Fevers are not uncommon in India and it is thought that different communities sought protection from their local deities, before the coming of the Vedic gods, some 4000 years ago. They probably predate cholera, which may have originated in the Subcontinent, and smallpox – traces of which are found on Egyptian mummies 3000 years ago, although the disease is thought to be yet older. Over time, the goddess appealed to in case of fever and especially smallpox, in much of Northern India, Nepal, West Bengal and Kerala was Sitala “the Cool One”.
In the Hindu tradition, Sitala is considered an aspect of Parvati and given the honorifics Devi – goddess, or Ma – mother. Iconographically, she has remained linked to her village origins, riding on a donkey with a winnowing fan on her head and a broom in her hand, to drive away heat and the causes of disease, and a pot of cooling water. Often, she is dressed in red, a colour considered prophylactic against smallpox and sometimes carries a bunch of neem leaves (Azadirachta indica), an important element in traditional Indian medicine and used in non-chemical pest-control.

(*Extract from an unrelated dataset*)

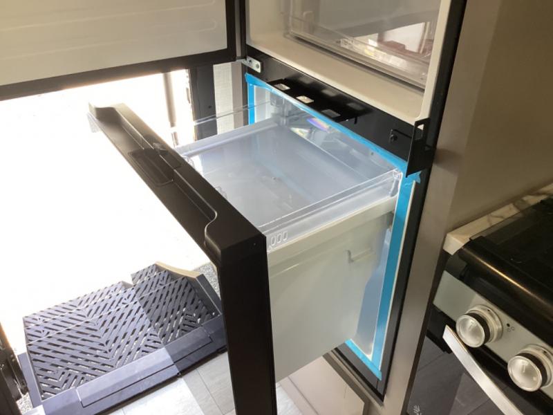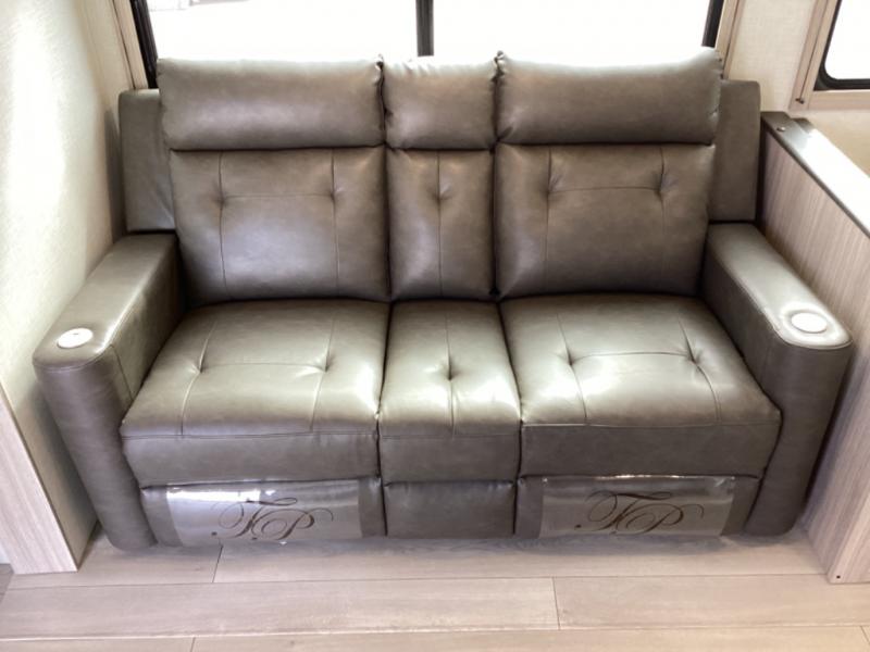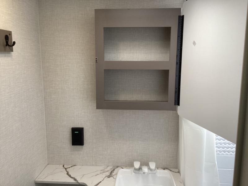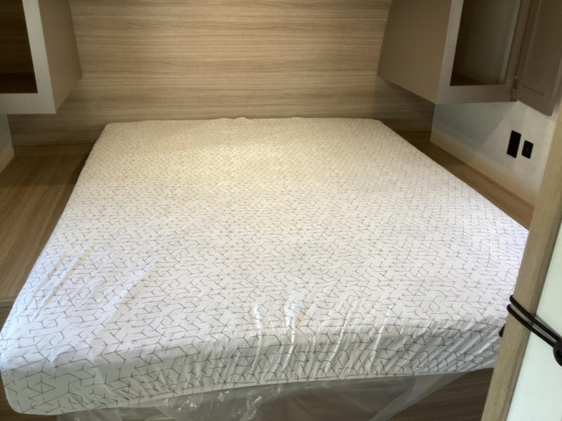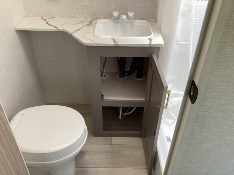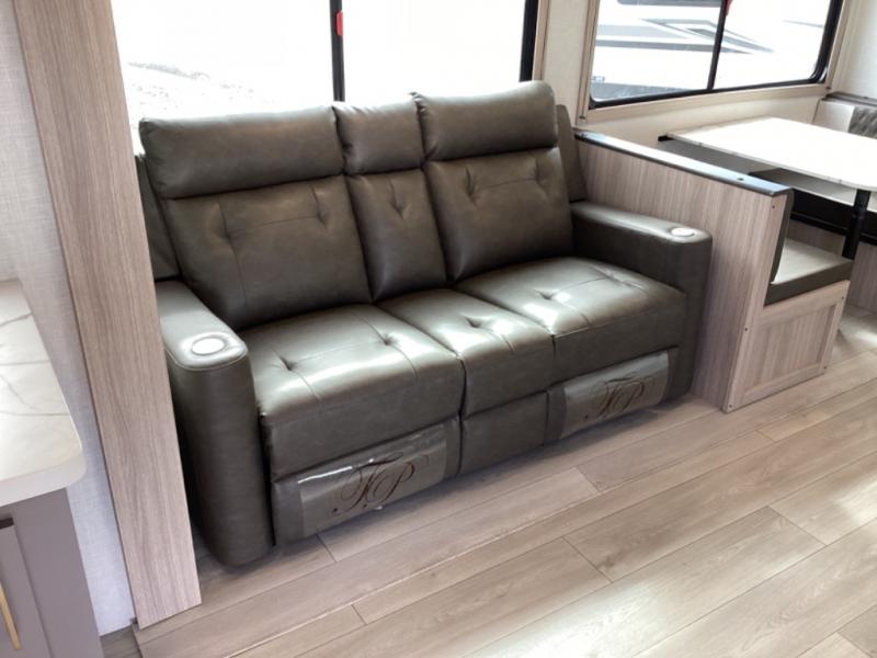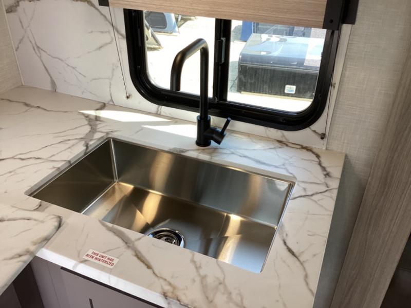 You will love the amount of interior space you have in this travel trailer thanks to the large slide out and rear kitchen with plenty of counter space. There is a 70" sofa and 42" booth dinette within the slide out across from the entertainment center, and you can add the optional 30" fireplace here for more comfort. The full bath includes a bath shelf with towel hooks, plus a foot-flush toilet for convenience. You will feel right at home in the front private bedroom that includes a queen bed, dual shirt closets, plus a TV mount if you choose to bring along a television.

Across the Tamil regions of Southern India, Sitala Devi’s place is taken by Mariamman, originally the Mother Goddess of rain and hence associated with fertility – and cooling. Her cult has spread to all parts of the world where there are Tamil communities.
Smallpox has vanished and cholera can largely be controlled, but Sitala continues to be appealed to in cases of illness involving fever, and her help has been invoked across India, especially in the countryside, during the various waves of the Covid pandemic. Neem has also been suggested as a remedy, but there is no evidence that it has any effect, anyo more than it had on earlier epidemics.
There are numerous songs honouring Sitala and prayers begging for her help, including the following Octet on Her who is Cool from Kerala:
Lord Shiva said:
I pray that Goddess who cools who rides on a donkey,
Who is nude, who holds broomstick and pot in her hand,
And who holds the winnowing fan over her head.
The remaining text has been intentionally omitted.